From this factual finding flows legal effects touching on the terms and conditions of the petitioners’ regular
employment.
FACTS
 Petitioners, who are drivers, cameramen, editors, among others, of respondent ABS-CBN, filed a complaint for
regularization, unfair labor practice and several money claims against the latter.
 They alleged that on Dec. 17, 1999, ABS-CBN and the ABS-CBN Rank-and-File Employees Union executed a
collective bargaining agreement. However, they were excluded from its coverage as ABS-CBN considered
them temporary and not regular employees.
 Petitioner then claim that they had already rendered more than a year of service in the company and,
therefore, should have been recognized as regular employees entitled to security of tenure and to the
privileges and benefits enjoyed by regular employees.
 ABS-CBN alleged that the petitioners’ services were contracted by its Cebu station as independent
contactors/off camera talents.
 According to ABS-CBN, as talents, petitioners are considered independent contractors that are paid a pre-
arranged consideration called “talent fee” taken from the budget of a particular program; they do not undergo
probation; that their services are engaged for a specific program or production, and that their contract are
terminated once the program, production or segment is completed.
 Labor Arbiter: it ruled that petitioners are regular employees of ABS-CBN.
 Labor Arbiter: As to the illegal dismissal case, it ruled in favor of ABS-CBN. It found that petitioners had been
dismissed due to redundancy, an authorized cause under the law.
 NLRC: affirmed the LA’s decision that petitioners are regular employees of ABS-CBN because there was an
employer-employee relationship between the petitioners and ABS-CBN. Also, the company exercised control
over the petitioners in the performance of their work.
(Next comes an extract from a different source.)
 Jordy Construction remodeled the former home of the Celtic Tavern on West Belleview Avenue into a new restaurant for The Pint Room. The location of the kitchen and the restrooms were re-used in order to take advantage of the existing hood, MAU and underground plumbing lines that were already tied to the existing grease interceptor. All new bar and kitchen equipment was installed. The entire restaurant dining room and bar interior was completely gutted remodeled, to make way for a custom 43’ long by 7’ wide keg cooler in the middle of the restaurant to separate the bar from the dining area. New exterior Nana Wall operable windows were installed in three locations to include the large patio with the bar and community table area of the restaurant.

As to the illegal dismissal case, the NLRC found that
petitioners had been illegally dismissed.
 CA On the case of regularization, it ruled that the petitioners are regular employees of ABS-CBN. However,
petitioners failed to prove their claim to CBA benefits since they never raised the issue in the compulsory
arbitration proceedings and that they failed to show that the provision of the CBA applied to them. As to the
illegal dismissal case, it ruled that petitioner were not illegally dismissed as their separation from the service
was due to redundancy.
ISSUE/S (relevant to the syllabus)

WON petitioners are entitled to CBA benefits. WON petitioners are illegally dismissed.
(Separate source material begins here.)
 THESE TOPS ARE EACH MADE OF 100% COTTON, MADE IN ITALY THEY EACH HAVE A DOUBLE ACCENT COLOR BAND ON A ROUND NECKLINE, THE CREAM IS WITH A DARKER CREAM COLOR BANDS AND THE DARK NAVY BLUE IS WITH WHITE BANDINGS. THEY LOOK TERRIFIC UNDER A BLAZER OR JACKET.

RULING (include how the law was applied)


Yes. CA decision is reversed and set aside.

Petitioners are entitled to CBA benefits


Art. 1 of the CBA provides that “the appropriate bargaining unit shall be regular rank-and-file employees of ABS-CBN
but shall not include: a) Personnel classified as Supervisor and Confidential employees; b) Personnel who are on
“casual” or “probationary” status…; c) Personnel who are on “contract” status or who are paid for specified units of
work...”

Under these terms, the petitioners are members of the appropriate bargaining unit because they are regular rank-
and-file employees and do not belong to any of the excluded categories. Specifically, nothing in the records shows
that they are supervisory or confidential employees; neither are they casual nor probationary employees. Most
importantly, the labor arbiter’s decision—affirmed all the way up to the CA level—ruled against ABS CBN’s
submission that they are independent contractors. Thus, as regular rank-and-file employees, they fall within CBA
coverage under the CBA’s express terms and are entitled to its benefits.

DISPOSITIVE

WHEREFORE, premises considered, we hereby GRANT the petition. The decision dated March 25, 2008 and the
resolution dated July 8, 2008 of the Court of Appeals in CA-G.R. SP No. 01838 are hereby REVERSED and SET ASIDE.